3.2.3. Correlation between the Studied Properties

Because the analysis of linear regression that was done to compare the same horizon (e.g., Ap) in the profiles from the same Lakeland and for all of the study regions did not indicate any significant correlation coefficients, we presented and discussed only the analysis that took all of the data into account (all of the horizons down the soil profile), separately for each Lakeland. According to the linear regression analysis, the enzymatic activity was significantly and positively correlated with some of the physicochemical properties (Table 5). The highest positive correlations were calculated between CORG, NTOT, MBC, the available K and P content and enzyme activity.
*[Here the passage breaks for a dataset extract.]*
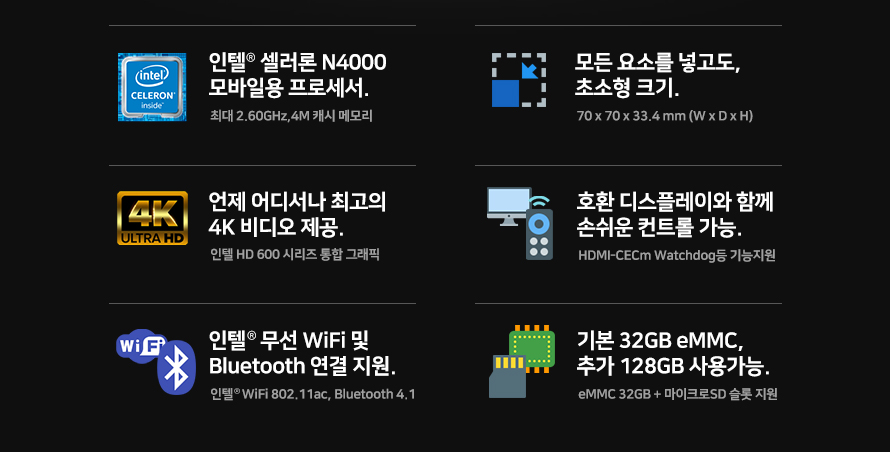 마찬가지로 가지고 있는 포트는 정말 한정 수량이다. 일단 디스플레이와의 연결을 위한 HDMI 풀사이즈 포트와 인터넷 연결을 위한 LAN 포트, 전원포트가 후면에 위치하고 있으며. 전면부에서는 USB 3.0 과 2.0 포트가 위치하고 있다. 측면부에는 마이크로 SD 카드를 연결하여 최대 128Gb 에 이르는 용량 확장이 가능하다.

A significant but negative relationship was calculated between the soil bulk density and the soil enzyme values, while porosity was correlated positively with all of the enzymes studied.

4. Discussion

4.1. Physicochemical Properties

The higher pH in the C horizon was likely the result of the presence of carbonates in the glacial till. The bulk density ranged from 1.64 to 1.87 g cm−3 (Table 1), which is typical for mineral soil. The bulk density values increased significantly with the depth of the soil profile and reached the highest values in the parent material. The high bulk density indicated considerable soil compaction, which resulted in a very low total porosity in the subsoil horizons. Soil with a porosity value below 40% is considered to be compacted soil. The higher soil density in the subsurface layer, which is caused by mechanical compaction, may be due to the considerable amount of the clay fraction in the Bt horizon [35].
Many authors have pointed out that the depth of the compactness causes changes in the soil profile down to a depth of 60 cm and causes negative interactions between the excessive compactness and potential soil productivity [36,37,38].
While the topsoil concentration was obvious for the organic C and total N that is associated with the pool of soil organic matter, the widespread concentration of the limiting mineral nutrients, such as P and K, in the topsoil strongly supports the idea that plants control the distribution of these elements. The relatively high topsoil content of P and K in most of the profiles that were studied support the theory of Jobbágy and Jackson [39] that the most limiting nutrients for plants (those required by plants in high amounts in relation to the soil supply) have the shallowest distributions. The available Mg increased with the depth of the profiles, which suggests that its higher relative contribution is not caused by the plant cycle, but by some abiotic process, such as the preferential retention of leached Mg over Ca by the Al hydroxides in the subsoil [40,41]. The relatively high content of extracted Mg in the Ck horizons could also be connected with the presence of Mg in the carbonate compounds that occurred in the parent material. The content of CaCO3 in the C horizons ranged from 7.18 to 11.1% (data not presented). Among the studied available nutrient forms, the shallowest distribution was observed for the available P, which could have been caused by phosphorus fertilization. The low content of available P in the C horizons compared to upper ones was probably an effect of the immobilization of P (as Ca3(PO4)2), which was caused by the high content of calcium ions and by pH values that were higher than 7.0. The vertical distribution of total N was strongly associated with that of the organic carbon. The C:N ratio in the soil profiles tended to decrease with the depth of the soil profile (Table 1), which possibly reflects a greater degree of breakdown and the older age of the humus that is stored in the deeper soil layers than in the surface layers [42].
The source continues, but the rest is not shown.